## Task requirements
Restate the data word for word and leave the images out.

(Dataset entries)
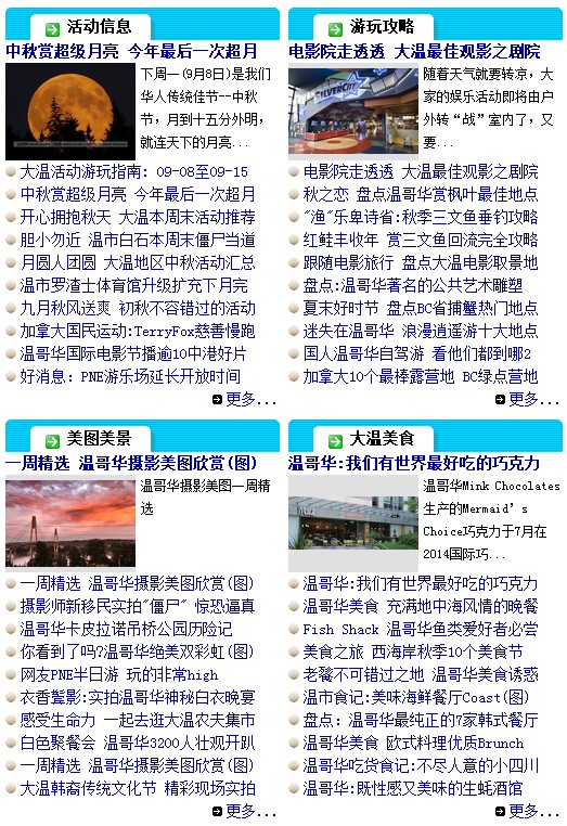 其中 吃喝玩乐温哥华 栏目以提供最及时的活动预告,游玩攻略,美景美图和大温美食等信息为主,是很多网友出外游玩和品尝美食的首选指南。其中活动信息子栏目汇集了大温最全面的活动预告,并为大家介绍新增的旅游景点和游玩项目;旅游攻略部分则结合时令为大家带来各种不同的游玩项目的综合介绍以及详细指南,很多都是网站有着资深游玩经验的小编及网友整理出来的精心之作;而美图美景则为大家提供很多网友的精彩游记,照片以及网上流行的和大温紧密相关的精美摄影作品;当然不可或缺的必定是美食方面的信息,大温美食子栏目为大家带来大温最为食客们追捧的餐馆及美食信息,以及网友们对餐馆的食评。
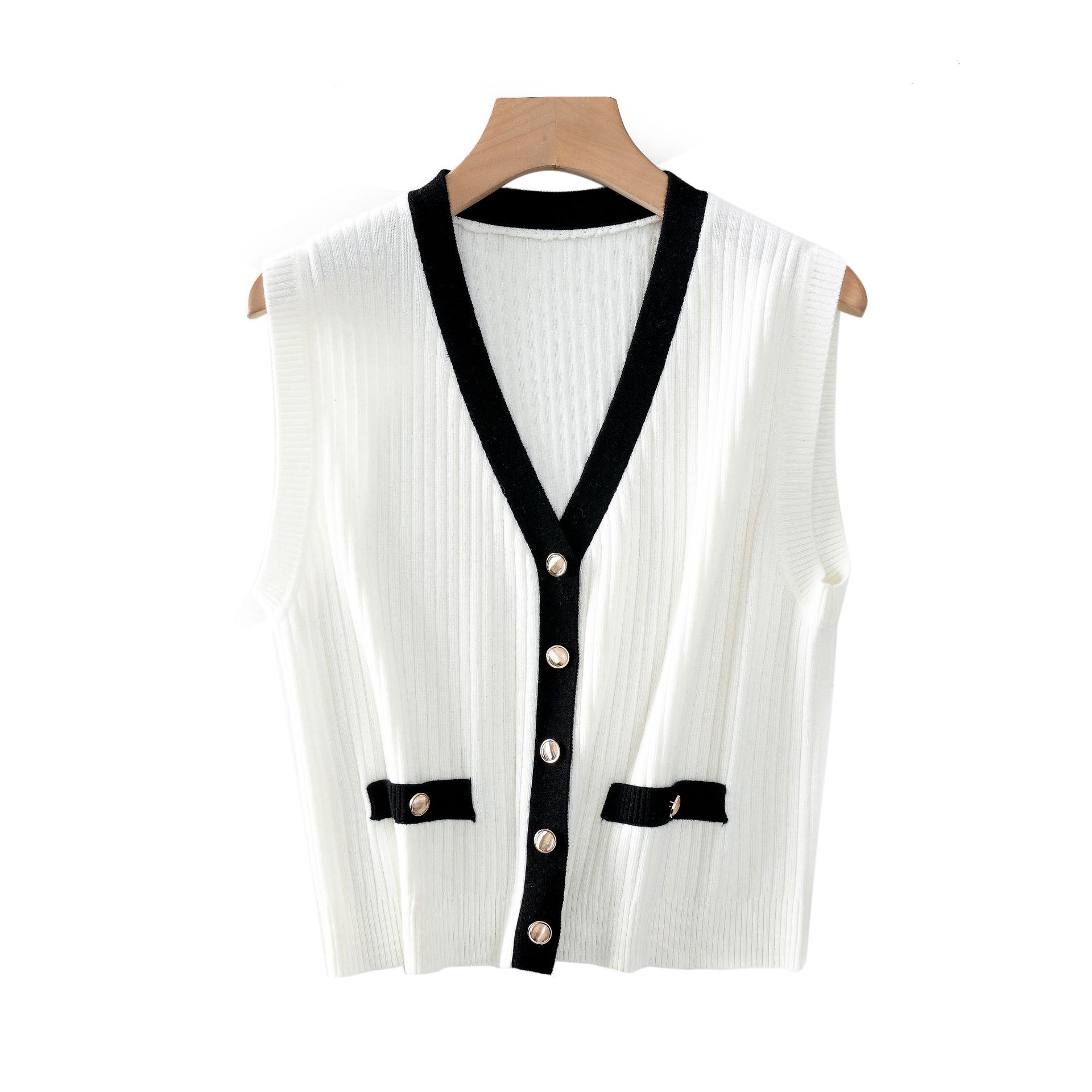 Шанциин; Кремово-белый; V-образный вырез в стиле Chanel, коричневый, свободный крой.; Белый объемный топ с V-образным вырезом в стиле Chanel; Жилет в стиле Chanel - Белый - 20
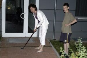 Wie schon erwähnt war diesmal Grillen angesagt. Die Grillkohle zierte sich anfangs ein wenig. Aber unter tatkräftiger (Fächer-)Mithilfe des Superkarpata-Hattrick-Siegers Mike wurde eine Glut entfacht, die erst gegen 2 Uhr erlöschen sollte. Der geliehene Grill war jedenfalls groß genug, um alle gleichzeitig zu versorgen.
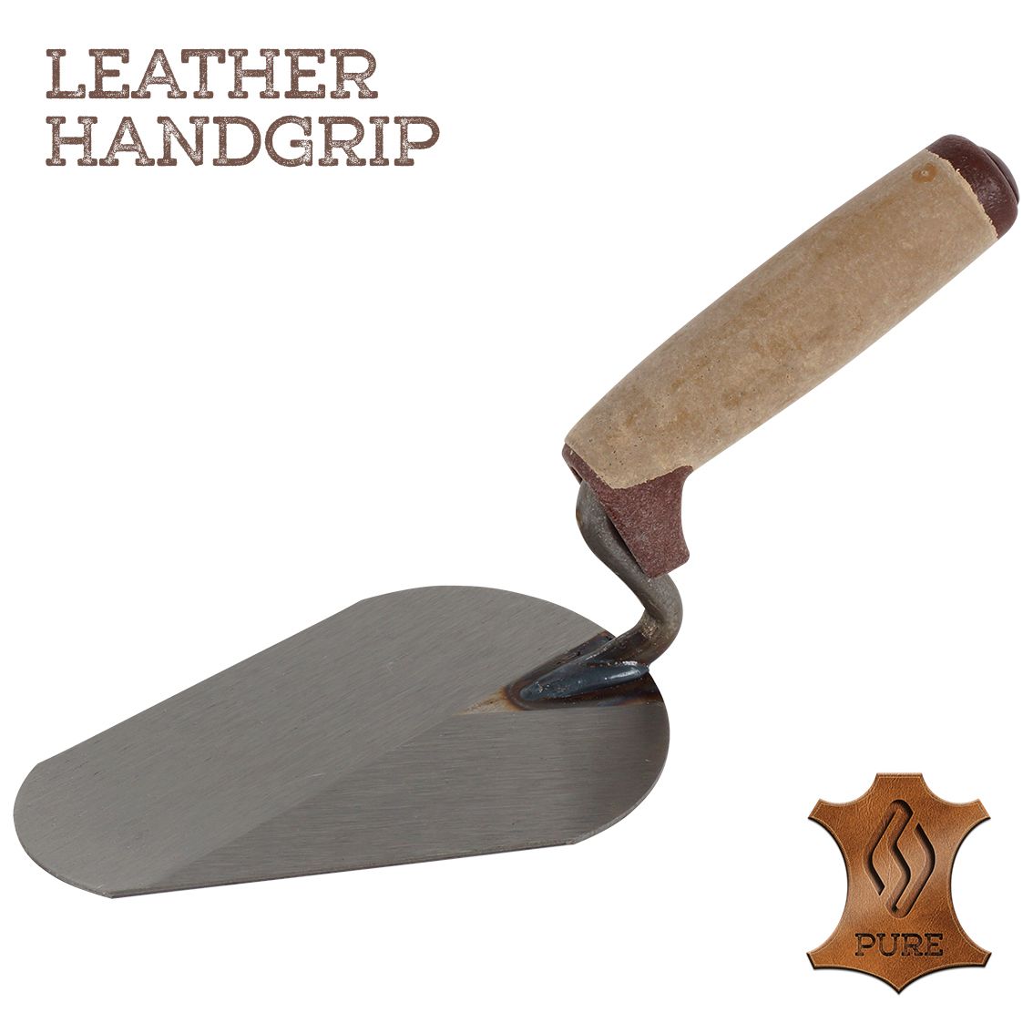 De Pure metseltroffels van Super Prof zijn voorzien van een ergonomische lederen handgreep met vingerbescherming, welke het vocht beter opneemt. Hierdoor krijgt men een betere grip en worden het werkcomfort en de productiviteit bevorderd.Â
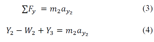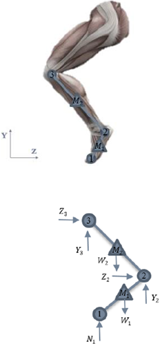 La cadena cinemática está compuesta por dos (2) eslabones rígidos que representan el pie y la pierna, respectivamente, con mecanismos de unión tipo pin en cada una de las articulaciones, es decir, en el tobillo y la rodilla. Para el estudio dinámico se toma como punto de referencia global un centro de rotación sobre el eje perpendicular al plano sagital ubicado en la punta del pie y los marcos de referencia locales en cada una de las articulaciones (véase figura 1).

## Answer area
 其中 吃喝玩乐温哥华 栏目以提供最及时的活动预告,游玩攻略,美景美图和大温美食等信息为主,是很多网友出外游玩和品尝美食的首选指南。其中活动信息子栏目汇集了大温最全面的活动预告,并为大家介绍新增的旅游景点和游玩项目;旅游攻略部分则结合时令为大家带来各种不同的游玩项目的综合介绍以及详细指南,很多都是网站有着资深游玩经验的小编及网友整理出来的精心之作;而美图美景则为大家提供很多网友的精彩游记,照片以及网上流行的和大温紧密相关的精美摄影作品;当然不可或缺的必定是美食方面的信息,大温美食子栏目为大家带来大温最为食客们追捧的餐馆及美食信息,以及网友们对餐馆的食评。
 Шанциин; Кремово-белый; V-образный вырез в стиле Chanel, коричневый, свободный крой.; Белый объемный топ с V-образным вырезом в стиле Chanel; Жилет в стиле Chanel - Белый - 20
 Wie schon erwähnt war diesmal Grillen angesagt. Die Grillkohle zierte sich anfangs ein wenig. Aber unter tatkräftiger (Fächer-)Mithilfe des Superkarpata-Hattrick-Siegers Mike wurde eine Glut entfacht, die erst gegen 2 Uhr erlöschen sollte. Der geliehene Grill war jedenfalls groß genug, um alle gleichzeitig zu versorgen.
 De Pure metseltroffels van Super Prof zijn voorzien van een ergonomische lederen handgreep met vingerbescherming, welke het vocht beter opneemt. Hierdoor krijgt men een betere grip en worden het werkcomfort en de productiviteit bevorderd.Â
 La cadena cinemática está compuesta por dos (2) eslabones rígidos que representan el pie y la pierna, respectivamente, con mecanismos de unión tipo pin en cada una de las articulaciones, es decir, en el tobillo y la rodilla. Para el estudio dinámico se toma como punto de referencia global un centro de rotación sobre el eje perpendicular al plano sagital ubicado en la punta del pie y los marcos de referencia locales en cada una de las articulaciones (véase figura 1).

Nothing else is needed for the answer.